Wednesday, March 22, 2017

Helping Students Read Closely in Authentic Ways


Are your students struggling with deeply comprehending nonfiction texts? Have you heard about ‘close reading’ but aren’t sure what it is? Or have you been turned off by the plethora of professional books and workbooks that seem to teach close reading in overly procedural, basal-like ways?

If this describes you at all, I can’t emphasize enough how much you will enjoy Kylene Beers and Bob Probst’s book “Reading Nonfiction: Notice and Note Stances, Signposts, and Strategies.” Kylene and Bob pull up alongside you, the reader, and provide just enough research, sprinkled with humor and stories from the classroom, to keep you turning the pages and believing that from now on your students will be masters at comprehending nonfiction.

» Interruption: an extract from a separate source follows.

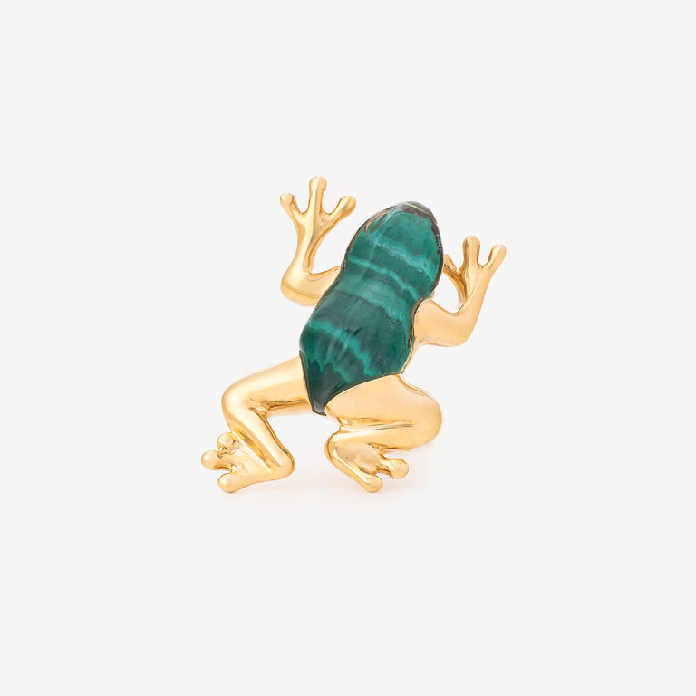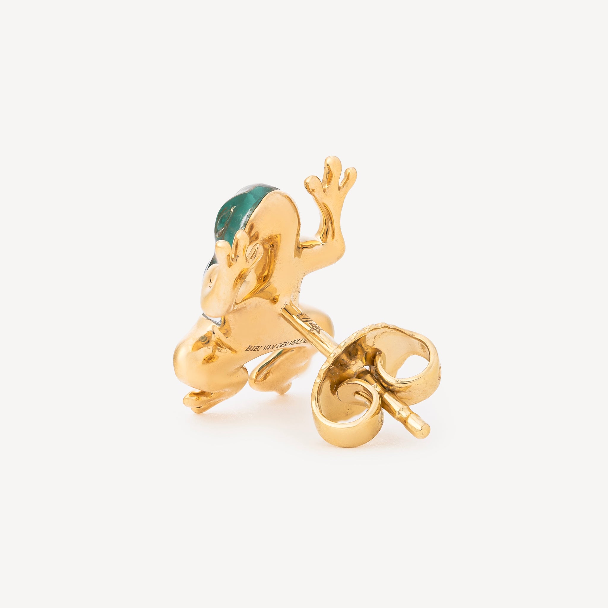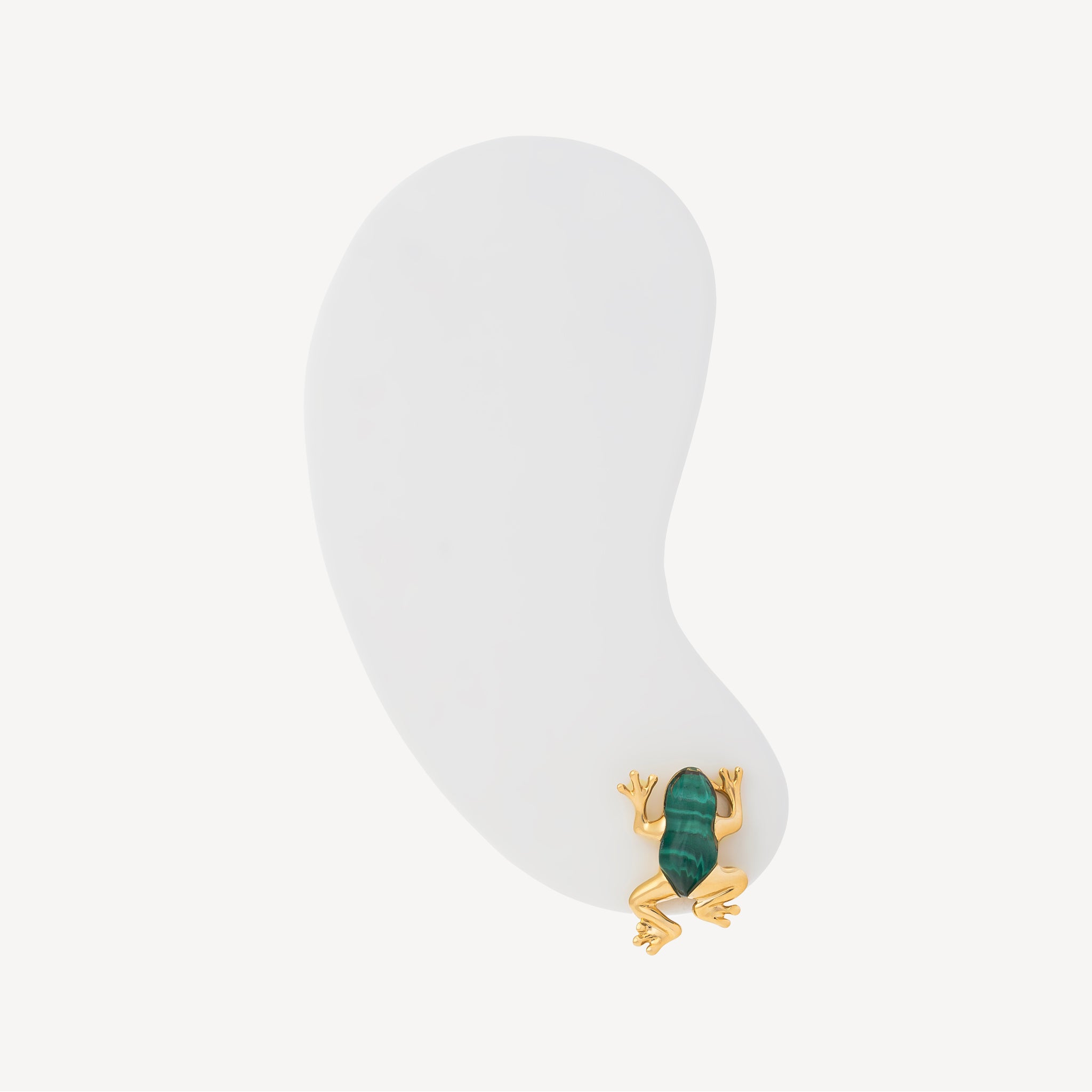 La puce d'oreille signée Bibi Van Der Velden est une création alliant sophistication et nature. La petite grenouille en or jaune, ornée d'une malachite verte aux motifs naturels, incarne l'esprit ludique et raffiné de la maison. La malachite favorise la transformation, la protection et la guérison du cœur.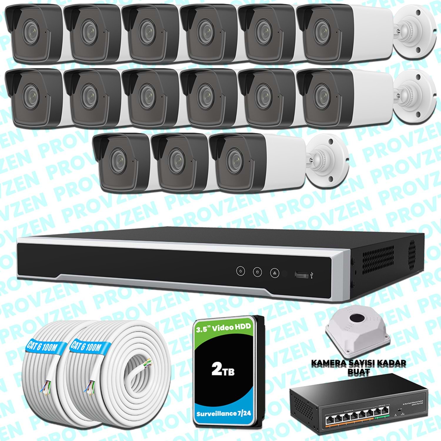 PROVZEN HİKVİSİON KAMERA SETİ, 1440P çözünürlüğe sahip, 2TB(2000GB) HDD depolama alanıyla ve gece görüşlü bir set.

They begin by outlining three questions to teach students to ask themselves as a way to develop a questioning stance every time they read nonfiction:
  1. What surprised you?
  2. What did the author think you already knew?
  3. What changed, challenged, or confirmed what you already knew?
Kylene and Bob then reveal the research they compiled about “signposts” that appear in nonfiction text to help students think about the Big Questions with more specificity. After reading about these five signposts I even find myself reading Time magazine and online articles differently. The five signposts are:

  1. Contrasts and contradictions (e.g. phrases that use key words such as however and on the other hand)
  2. Extreme or absolute language (e.g. words or phrases such as everyone on Earth or totally and always)
  3. Numbers and stats (i.e. Ask yourself – why did the author include these particular numbers?)
  4. Quoted words (i.e. Again, ask yourself – why did the author choose to quote this person?)
  5. Word Gaps (i.e. help students become aware of gaps in their understanding of vocabulary – oftentimes, these gaps are Tier 2 words used in unfamiliar ways such as an electrical charge or waves triggered by an earthquake).
Finally, Kylene and Bob share seven strategies students can use before, during, and after reading to help clear up comprehension confusions. For instance, Syntax Surgery prompts students to draw arrows connecting confusing information such as vague pronouns to the supporting information elsewhere in the article. Another strategy, genre reformulation, encourages students to synthesize information after reading by recreating the information they read into an ABC book or a cause/effect sequence patterned after If You Give a Mouse a Cookie or Brown Bear, Brown Bear.
 
Overall, this book is one of my absolute favorites, both for the richness of the ideas it contains as well as the comfortable, genuine style in which it is written. Teachers of students 2nd grade through high school should have this book on their nightstand.